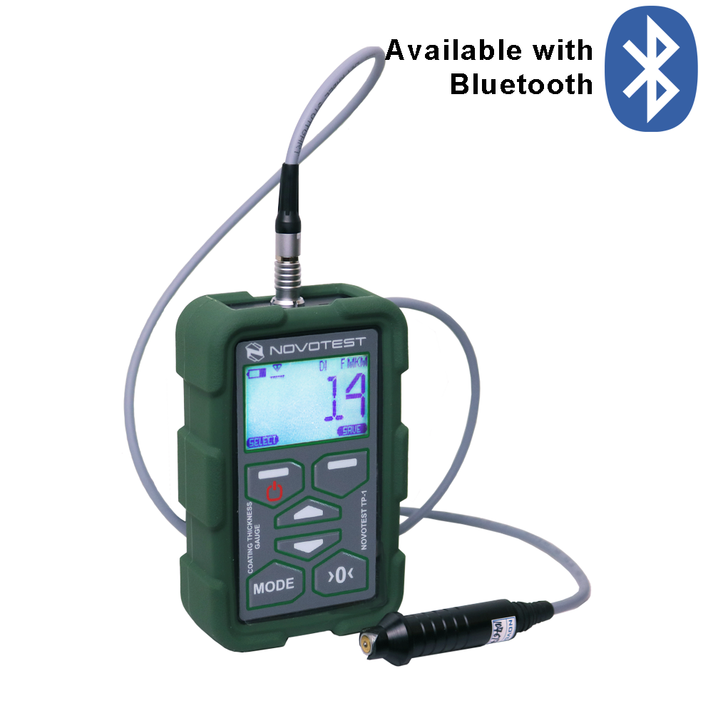 Coating thickness gauge NOVOTEST TP-2020 is designed for thickness measuring of coatings based on ferrous and non-ferrous metals. Variety of various sensors make it possible of non-destructive testing of protective coatings with a wide thicknesses range. Thickness gauge can also measure next parameters: the depth of grooves and corrosion, surface roughness as well as temperature control, ambient humidity and dewpoint temperature, therefore covering a wide range of tasks by one universal unit (thickness gauge).
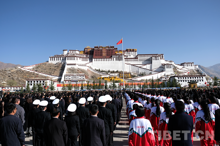 當日,布達拉宮廣場莊嚴肅穆,用漢、藏文書寫的“3·28西藏翻身農(nóng)奴的節(jié)日”橫幅格外醒目。上午9時許,拉薩的朝陽剛剛升起不久,各族各界群眾早已聚集于此。
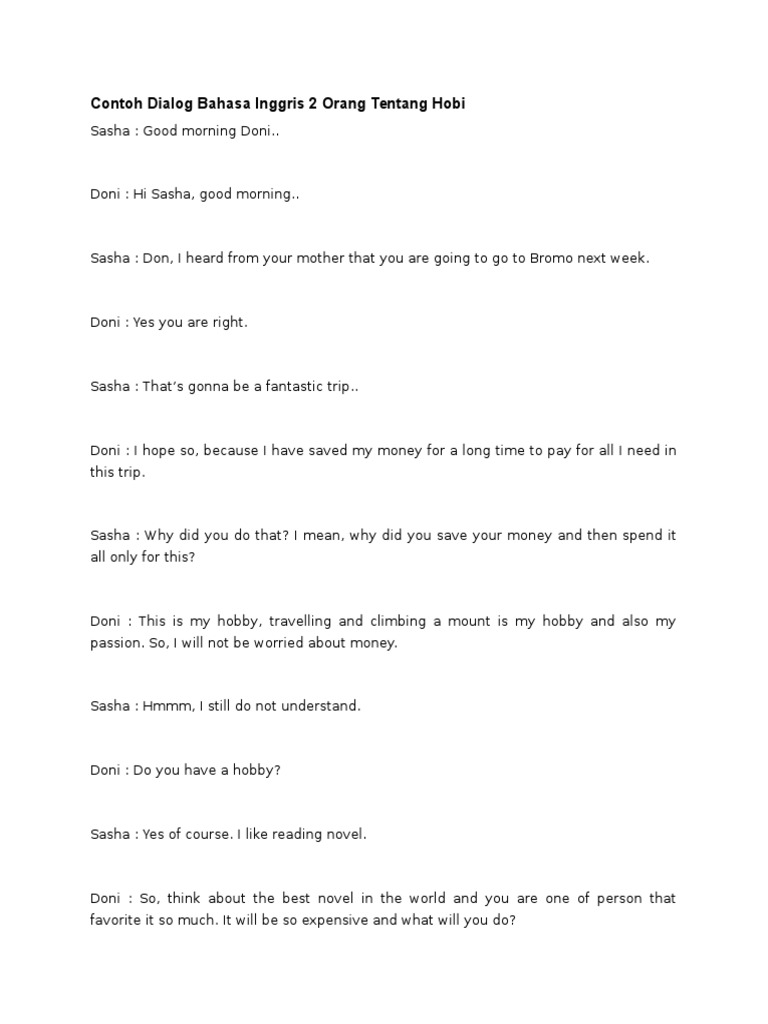 Contoh dialog bahasa inggris. Semoga contoh soal dialog bahasa inggris tentang ekspresi ekspresi tersebut dapat membantu pembaca baik untuk mempersiapkan diri untuk menghadapi soal bagi anda siswa siswi maupun untuk membuat soal ujian bagi anda pendidik pendidik yang budiman. Salah satu bagian penting dalam mempelajari suatu bahasa adalah kemampuan berbicara speaking. Contoh percakapan dalam bahasa inggris dan terjemahannya. Untuk mengenal lebih jauh bagaimana caranya memberi saran dalam bahasa inggris berikut contoh contoh percakapan expressing of suggestion. Inilah inti dari mempelajari suatu bahasa yaitu untuk mempermudah berkomunikasi dengan orang lainnya yang menggunakan bahasa yang sama. Kali ini saya memberikan contoh teks perkenalan diri dalam bahasa inggris.
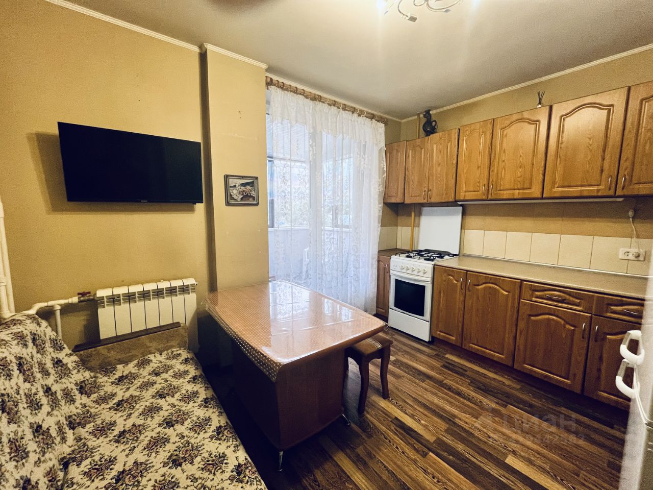 Квартира общей площадью 43,8 кв.м без учета балкона. Просторный и светлый балкон-терраса 6,8кв.м. Уютная кухня-гостиная 11,5 кв.м., Комната 22кв.м. Комфортный совмещенный санузел с теплыми полами. В коридоре плитка, во всей квартире качественный ламинат. В квартире остается вся мебель и техника: Холодильник, стиральная машина, бойлер, кровать, два больших шкафа, большой двухместный диван, кровать, кухонный гарнитур.
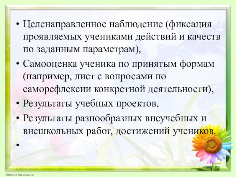 Слайд 7Целенаправленное наблюдение (фиксация проявляемых учениками действий и качеств по заданным параметрам),
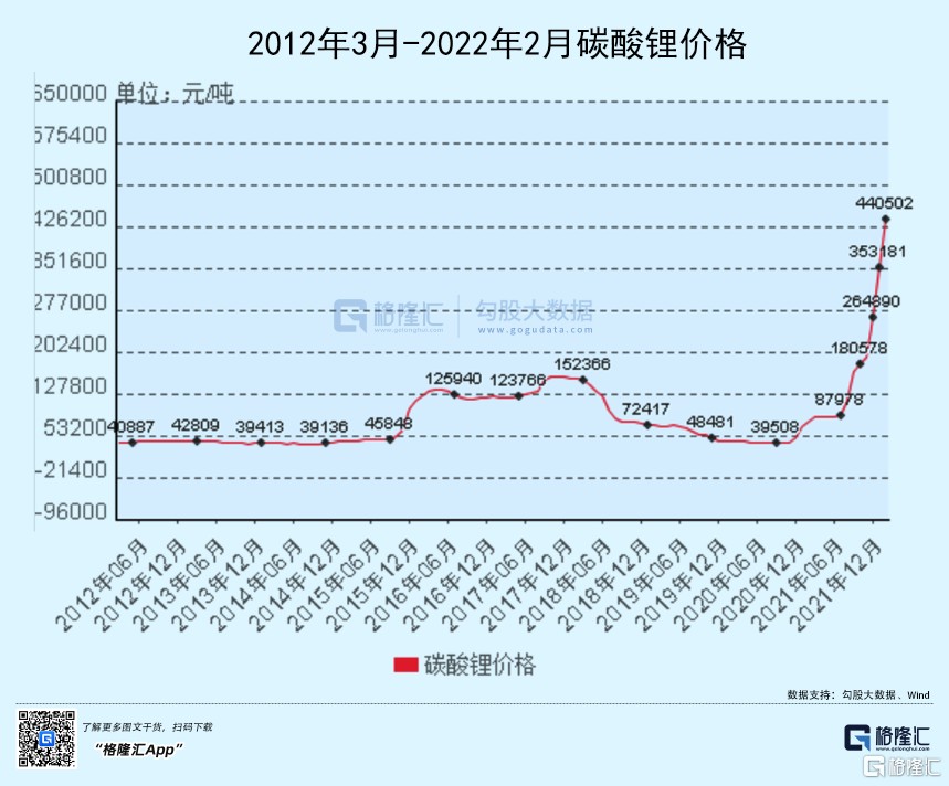 以碳酸锂为例,2020 年 6 月,价格还不到 4 万/吨,一年之后的 21 年 6 月,价格已经翻了一倍多,接近 9 万/吨,但这也只不过是碳酸锂价格疯狂暴涨的开始。自此,碳酸锂价格每个月都在刷新历史记录,10 万、20 万、30 万、40 万,这个月还达到了创纪录的 50 万一顿,可以说没有最高,只要更高。
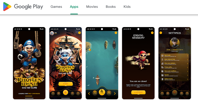 Tidak seperti aplikasi lain yang mengharuskan pengguna mengundang teman untuk mendapatkan komisi, Pirate Rush memungkinkan pemain untuk langsung mengumpulkan hadiah hanya dengan bermain.
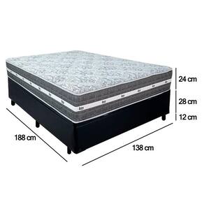 Cama Box Baú Casal Sintético + Colchão Black Graphite Molas Ensacadas 138x188x64cm
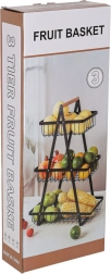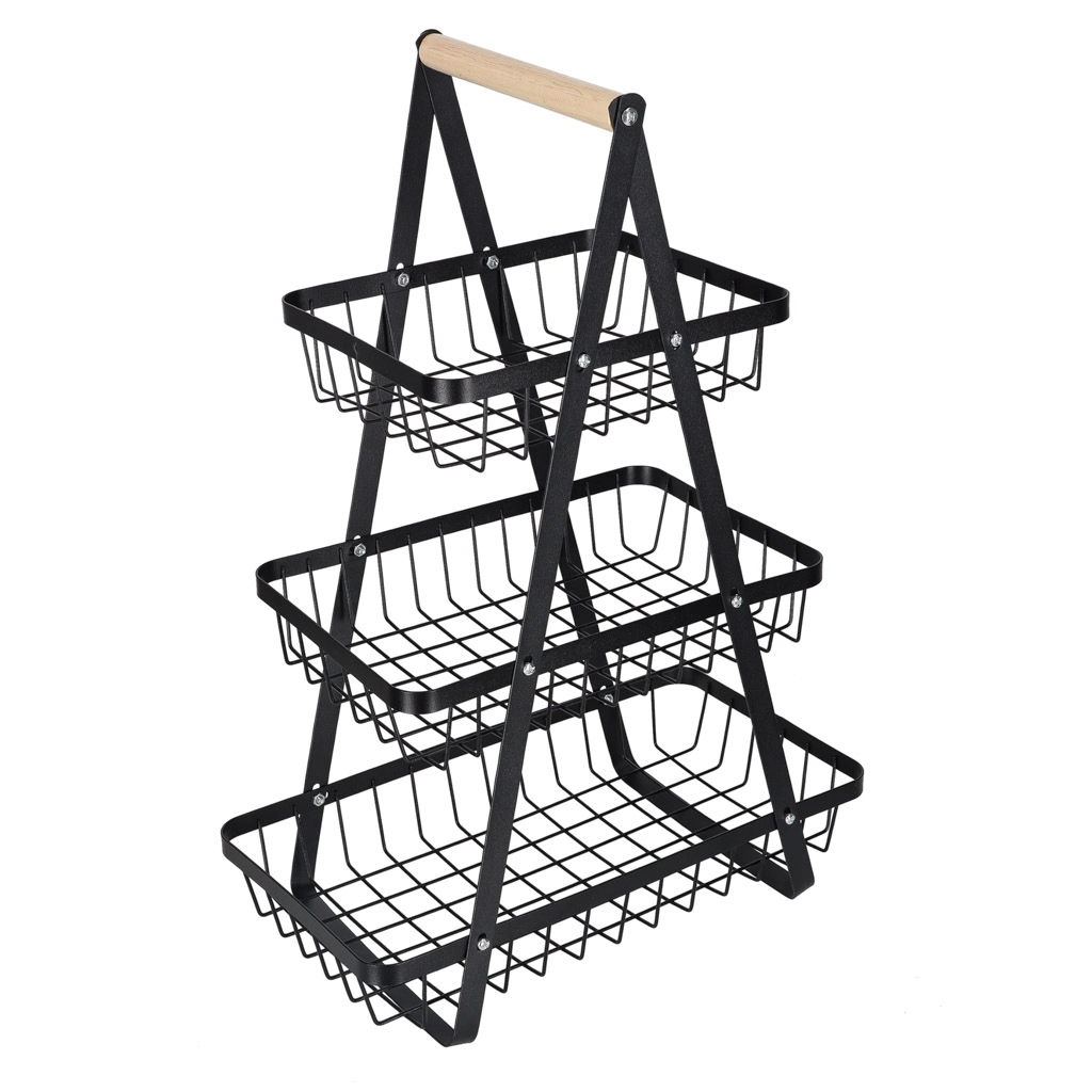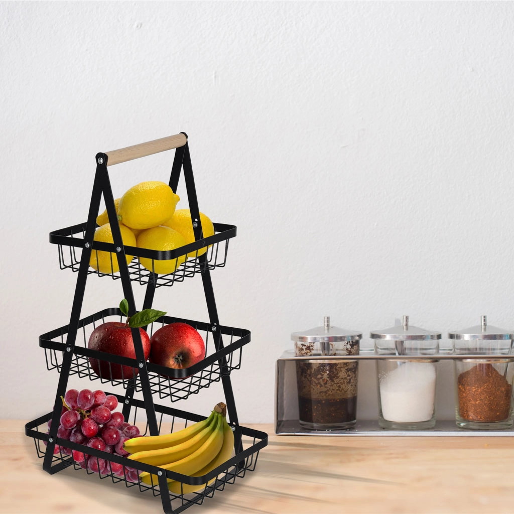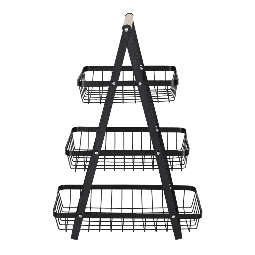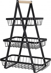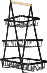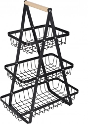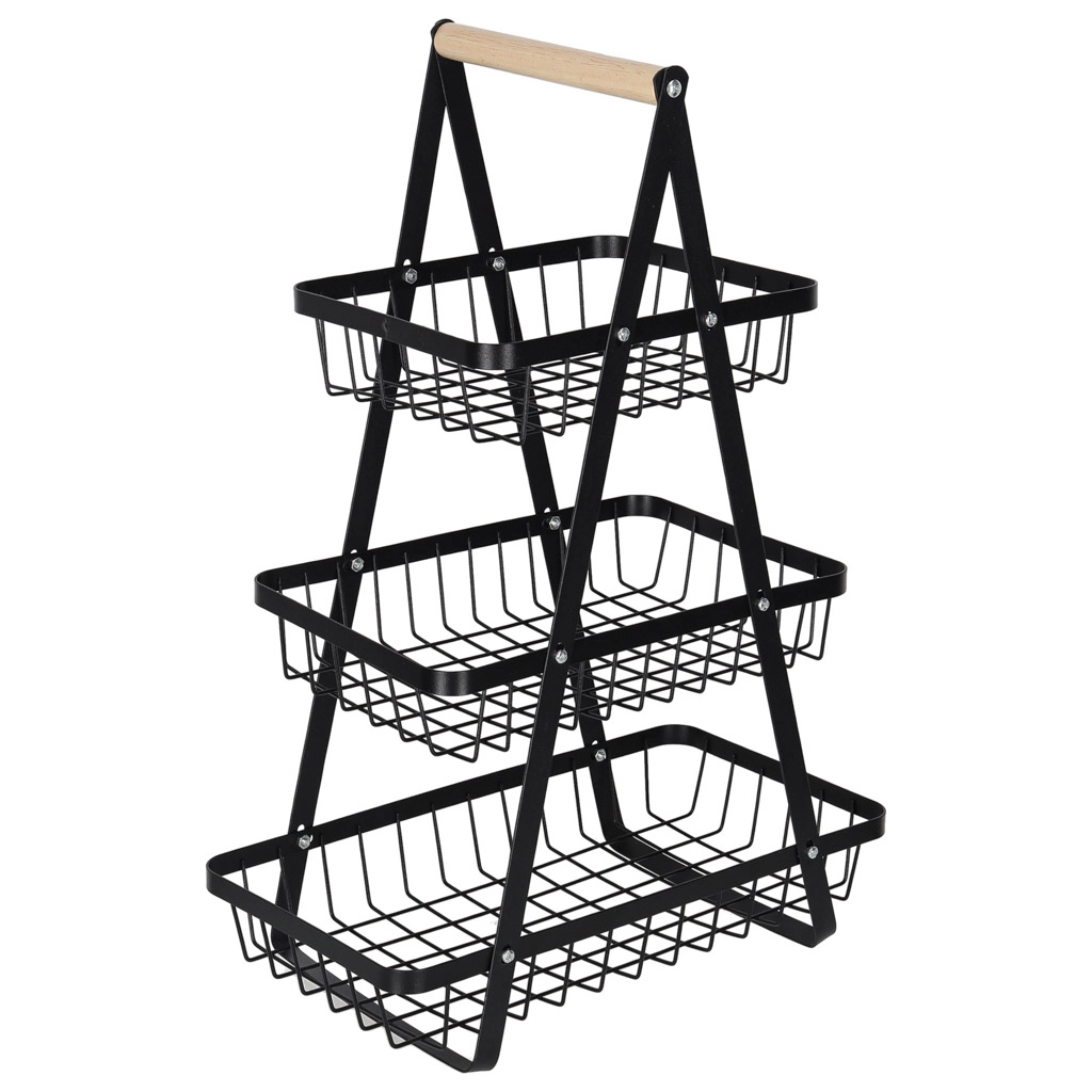 Stílusos háromszintes gyümölcskosár tartós fémből, fa fogantyúval, amely helyet takarít meg a konyhapulton és rendezetten tartja a konyhát. A három tágas kosár nyitott drótszerkezete biztosítja a levegő keringését, így a gyümölcs és zöldség tovább friss marad. Ideális péksüteményekhez, rágcsálnivalókhoz vagy fürdőszobai kiegészítőkhöz is.
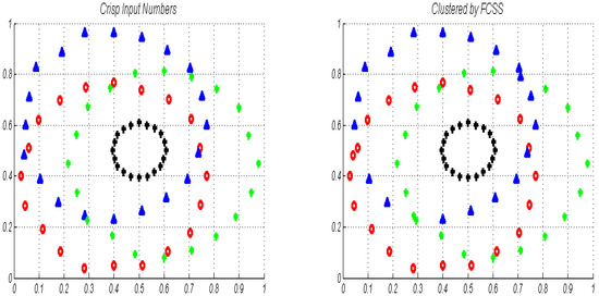 In this state, we apply VFCSS clustering over LR-type fuzzy numbers with the same conditions as for state 1. Simulation results of the corresponding two steps of this state are demonstrated in Figure 4 and Figure 5. The CM of these two steps is expressed in Table 10.
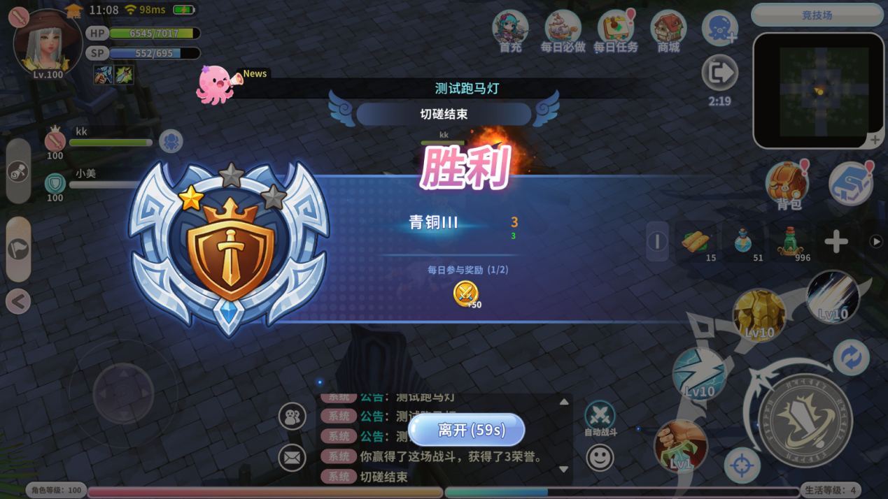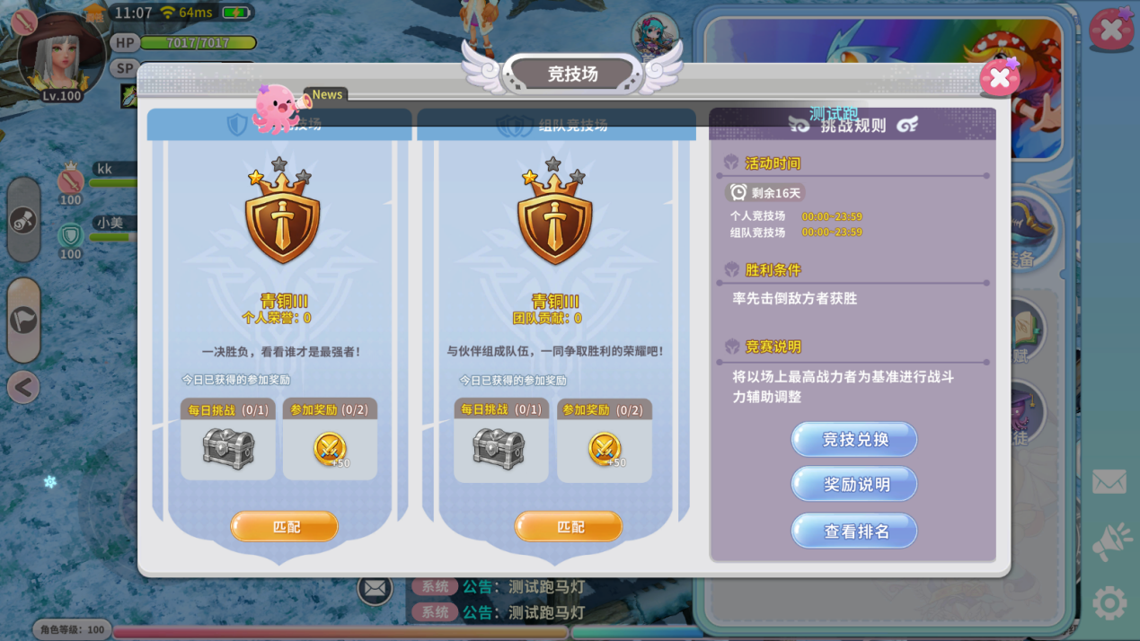 竞技场规则:玩家等级≥25 级,即可通过右侧菜单进入竞技场,单场战斗时间不超过 3 分钟,超时则判定为平局。获胜方直接获得荣誉值;若组队 PK 获胜,除个人荣誉外,队友也能额外获得团队贡献,仅允许在战斗地图内进行 PK,离开地图则战斗终止。

────────────────────────────────────────

▶ [How to complete this task]:
Return nothing but the lines running from the start of the data to the line with "Tidak seperti aplikasi", please, both ends included and no pictures.

▶ [Exercise response]:
 Coating thickness gauge NOVOTEST TP-2020 is designed for thickness measuring of coatings based on ferrous and non-ferrous metals. Variety of various sensors make it possible of non-destructive testing of protective coatings with a wide thicknesses range. Thickness gauge can also measure next parameters: the depth of grooves and corrosion, surface roughness as well as temperature control, ambient humidity and dewpoint temperature, therefore covering a wide range of tasks by one universal unit (thickness gauge).
 當日,布達拉宮廣場莊嚴肅穆,用漢、藏文書寫的“3·28西藏翻身農(nóng)奴的節(jié)日”橫幅格外醒目。上午9時許,拉薩的朝陽剛剛升起不久,各族各界群眾早已聚集于此。
 Contoh dialog bahasa inggris. Semoga contoh soal dialog bahasa inggris tentang ekspresi ekspresi tersebut dapat membantu pembaca baik untuk mempersiapkan diri untuk menghadapi soal bagi anda siswa siswi maupun untuk membuat soal ujian bagi anda pendidik pendidik yang budiman. Salah satu bagian penting dalam mempelajari suatu bahasa adalah kemampuan berbicara speaking. Contoh percakapan dalam bahasa inggris dan terjemahannya. Untuk mengenal lebih jauh bagaimana caranya memberi saran dalam bahasa inggris berikut contoh contoh percakapan expressing of suggestion. Inilah inti dari mempelajari suatu bahasa yaitu untuk mempermudah berkomunikasi dengan orang lainnya yang menggunakan bahasa yang sama. Kali ini saya memberikan contoh teks perkenalan diri dalam bahasa inggris.
 Квартира общей площадью 43,8 кв.м без учета балкона. Просторный и светлый балкон-терраса 6,8кв.м. Уютная кухня-гостиная 11,5 кв.м., Комната 22кв.м. Комфортный совмещенный санузел с теплыми полами. В коридоре плитка, во всей квартире качественный ламинат. В квартире остается вся мебель и техника: Холодильник, стиральная машина, бойлер, кровать, два больших шкафа, большой двухместный диван, кровать, кухонный гарнитур.
 Слайд 7Целенаправленное наблюдение (фиксация проявляемых учениками действий и качеств по заданным параметрам),
 以碳酸锂为例,2020 年 6 月,价格还不到 4 万/吨,一年之后的 21 年 6 月,价格已经翻了一倍多,接近 9 万/吨,但这也只不过是碳酸锂价格疯狂暴涨的开始。自此,碳酸锂价格每个月都在刷新历史记录,10 万、20 万、30 万、40 万,这个月还达到了创纪录的 50 万一顿,可以说没有最高,只要更高。
 Tidak seperti aplikasi lain yang mengharuskan pengguna mengundang teman untuk mendapatkan komisi, Pirate Rush memungkinkan pemain untuk langsung mengumpulkan hadiah hanya dengan bermain.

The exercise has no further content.